Expression profiling by high throughput sequencing Other
Summary
The Severe Acute Respiratory Syndrome Coronavirus 2 (SARS-CoV-2) virus has infected over 100 million people and caused over 2.5 million deaths worldwide. Yet, the molecular mechanisms underlying the clinical manifestations of COVID-19, as well as what distinguishes them from common seasonal influenza virus and other lung injury states such as Acute Respiratory Distress Syndrome (ARDS) remains poorly understood. To address these challenges, we combined transcriptional profiling of 646 clinical nasopharyngeal swabs and 39 patient autopsy tissues, matched with spatial protein and expression profiling (GeoMx) across 357 tissue sections.
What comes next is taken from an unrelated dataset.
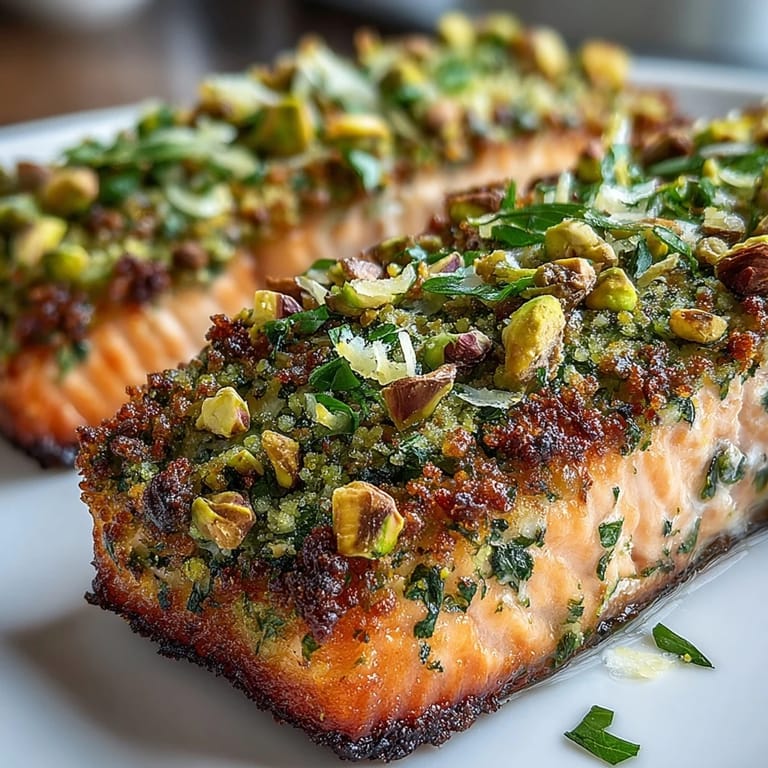 Save My neighbor handed me a pistachio-crusted salmon filet at a dinner party last spring, and I nearly missed it—too busy talking by the kitchen counter. But one bite stopped the conversation cold. The crust crackled between my teeth while the salmon inside stayed buttery and tender, and I found myself asking for the recipe before dessert was even served. Turns out, it wasn't complicated at all, just pistachios, fresh herbs, and the confidence to press them onto fish without overthinking it.

These results define both body-wide and tissue-specific (heart, liver, lung, kidney, and lymph nodes) damage wrought by the SARS-CoV-2 infection, which are a function both of viral load (high vs. low) and transcriptional signatures (splicing isoforms, T-cell receptor expression, cell state regression). These findings reveal a massive disruption of cellular and transcriptional pathways from COVID-19 that can inform subsequent studies on the pathophysiology SARS-CoV-2 as well as other viruses.
Overall design
The molecular mechanisms and clinical manifestations of COVID-19 are still poorly understood, especially in terms of the differences between COVID-19, influenza virus, Acute Respiratory Distress Syndrome (ARDS), and other viral infections. To address these challenges, we combined transcriptional profiling of 646 clinical nasopharyngeal swabs and 39 patient autopsy tissues, matched with spatial protein and expression profiling (GeoMx) across 357 tissue sections (regions of interest, ROIs) with 373 areas of interest (i.e., samples). Note that 1 or more AOIs can be found in a given ROI. The dataset comprises the GeoMx data samples only. Specifically, there are five groups (Covid-19_High, Covid-19_Low, Non-viral [ARDS], Flu, and Normal). The breakdown of Patients, ROIs, and AOIs are as follows: Covid-19_High, 4 patients and 86 AOIs within 86 ROIs; Covid-19_Low, 4 patients and 94 AOIs within 94 ROIs; Non-viral, 3 patients and 67 AOIs within 63 ROIs; Flu, 2 patients and 46 AOIs within 42 ROIs; Normal, 3 patients and 64 AOIs within 60 ROIs. For each AOI (sample), digital spatial profiling was performed using NanoStiring's Cancer Transcriptome Atlas (CTA) with Covid-19 spike-in genes.